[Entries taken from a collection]
*** Begin section ***

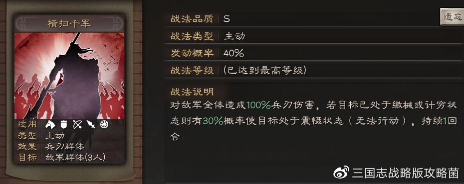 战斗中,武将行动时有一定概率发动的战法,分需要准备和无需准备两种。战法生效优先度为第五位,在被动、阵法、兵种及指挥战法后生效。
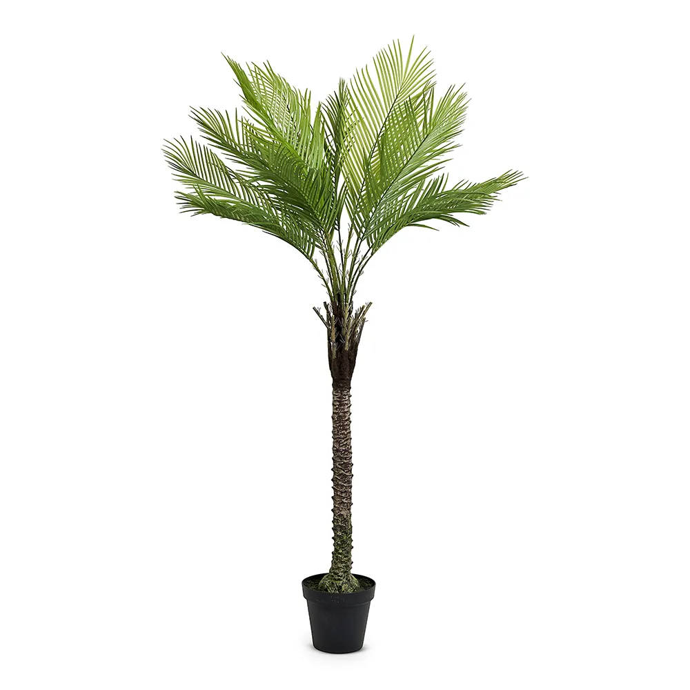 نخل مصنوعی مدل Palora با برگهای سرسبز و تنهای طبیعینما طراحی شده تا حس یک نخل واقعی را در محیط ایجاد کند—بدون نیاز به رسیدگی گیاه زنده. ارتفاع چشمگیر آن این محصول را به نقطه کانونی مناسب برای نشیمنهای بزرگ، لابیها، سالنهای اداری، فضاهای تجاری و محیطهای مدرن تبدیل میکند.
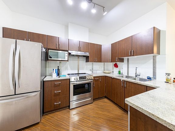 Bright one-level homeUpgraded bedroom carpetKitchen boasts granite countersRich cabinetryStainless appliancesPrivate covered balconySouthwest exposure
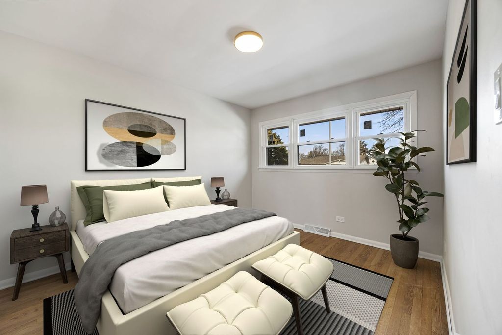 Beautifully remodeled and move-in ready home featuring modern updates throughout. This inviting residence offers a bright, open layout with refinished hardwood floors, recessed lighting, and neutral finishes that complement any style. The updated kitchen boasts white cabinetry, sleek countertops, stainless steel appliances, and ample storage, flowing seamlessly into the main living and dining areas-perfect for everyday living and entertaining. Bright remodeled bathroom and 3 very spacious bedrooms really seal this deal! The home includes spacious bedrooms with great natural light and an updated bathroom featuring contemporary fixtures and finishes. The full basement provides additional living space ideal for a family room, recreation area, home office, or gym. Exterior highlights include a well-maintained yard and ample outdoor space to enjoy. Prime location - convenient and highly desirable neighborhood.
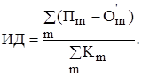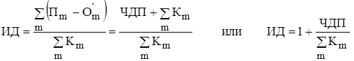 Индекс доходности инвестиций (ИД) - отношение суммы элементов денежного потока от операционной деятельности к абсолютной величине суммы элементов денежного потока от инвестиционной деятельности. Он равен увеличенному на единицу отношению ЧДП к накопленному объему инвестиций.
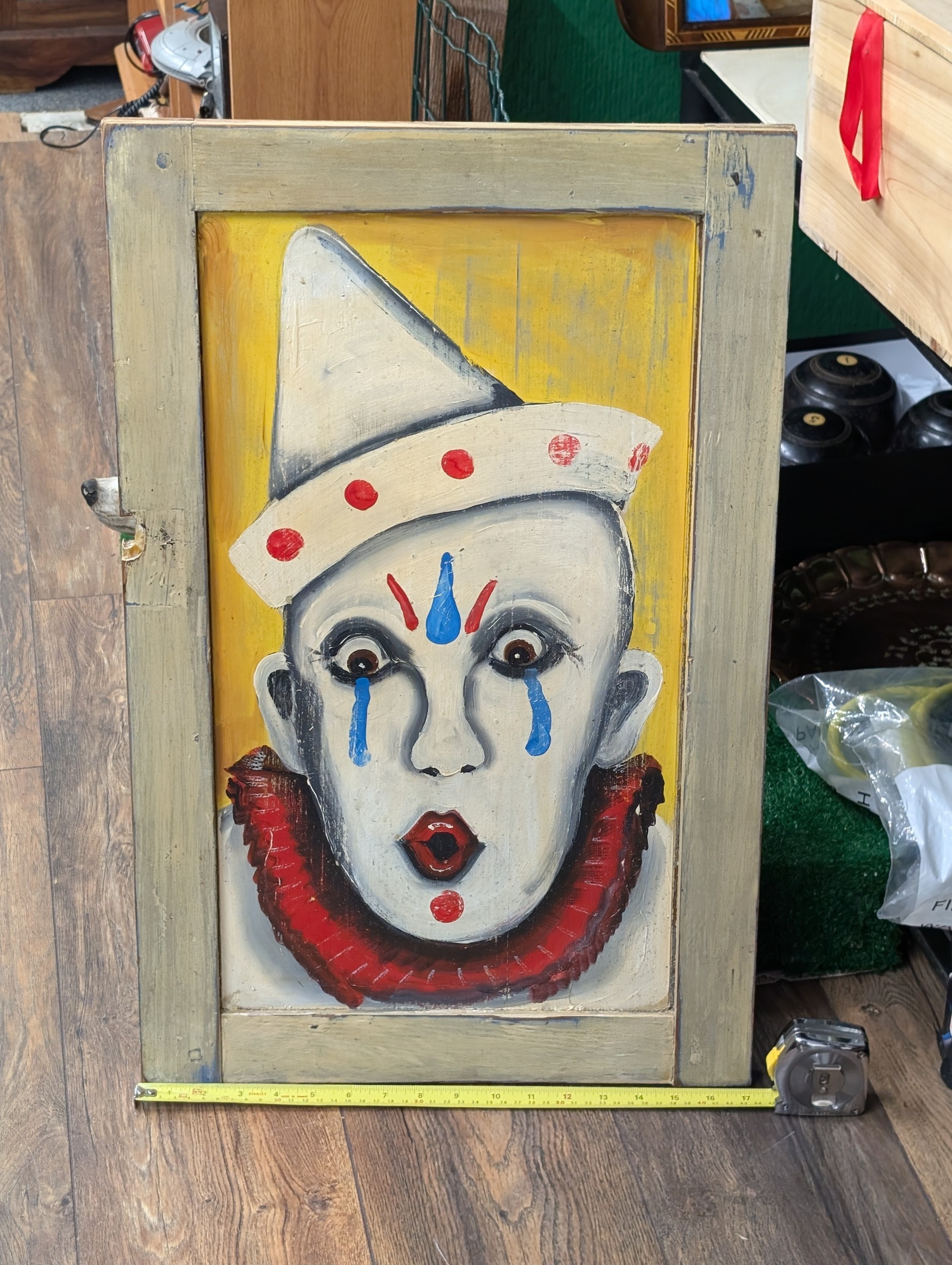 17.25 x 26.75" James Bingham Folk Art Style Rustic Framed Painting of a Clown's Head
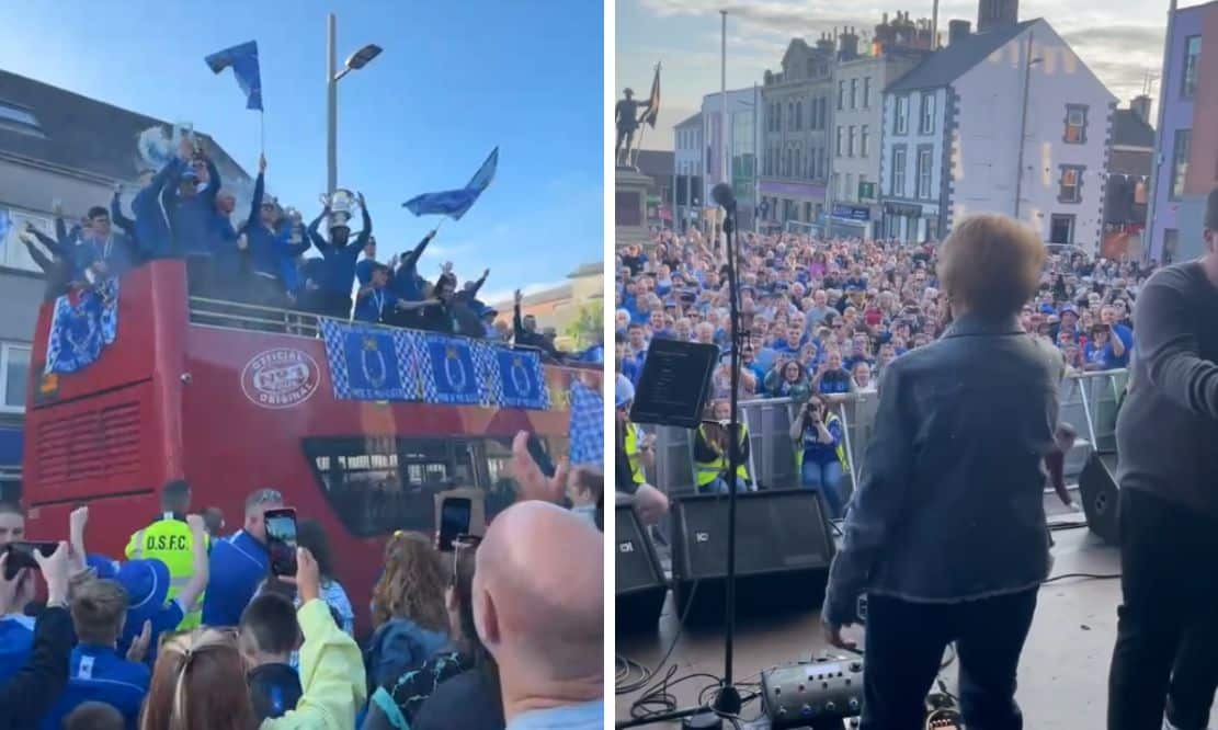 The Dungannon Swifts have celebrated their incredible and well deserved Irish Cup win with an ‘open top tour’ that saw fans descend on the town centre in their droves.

*** End section ***

# Problem requirements
Write out each entry exactly; any pictures stay out of the copy.

# Task response
 战斗中,武将行动时有一定概率发动的战法,分需要准备和无需准备两种。战法生效优先度为第五位,在被动、阵法、兵种及指挥战法后生效。
 نخل مصنوعی مدل Palora با برگهای سرسبز و تنهای طبیعینما طراحی شده تا حس یک نخل واقعی را در محیط ایجاد کند—بدون نیاز به رسیدگی گیاه زنده. ارتفاع چشمگیر آن این محصول را به نقطه کانونی مناسب برای نشیمنهای بزرگ، لابیها، سالنهای اداری، فضاهای تجاری و محیطهای مدرن تبدیل میکند.
 Bright one-level homeUpgraded bedroom carpetKitchen boasts granite countersRich cabinetryStainless appliancesPrivate covered balconySouthwest exposure
 Beautifully remodeled and move-in ready home featuring modern updates throughout. This inviting residence offers a bright, open layout with refinished hardwood floors, recessed lighting, and neutral finishes that complement any style. The updated kitchen boasts white cabinetry, sleek countertops, stainless steel appliances, and ample storage, flowing seamlessly into the main living and dining areas-perfect for everyday living and entertaining. Bright remodeled bathroom and 3 very spacious bedrooms really seal this deal! The home includes spacious bedrooms with great natural light and an updated bathroom featuring contemporary fixtures and finishes. The full basement provides additional living space ideal for a family room, recreation area, home office, or gym. Exterior highlights include a well-maintained yard and ample outdoor space to enjoy. Prime location - convenient and highly desirable neighborhood.
 Индекс доходности инвестиций (ИД) - отношение суммы элементов денежного потока от операционной деятельности к абсолютной величине суммы элементов денежного потока от инвестиционной деятельности. Он равен увеличенному на единицу отношению ЧДП к накопленному объему инвестиций.
 17.25 x 26.75" James Bingham Folk Art Style Rustic Framed Painting of a Clown's Head
 The Dungannon Swifts have celebrated their incredible and well deserved Irish Cup win with an ‘open top tour’ that saw fans descend on the town centre in their droves.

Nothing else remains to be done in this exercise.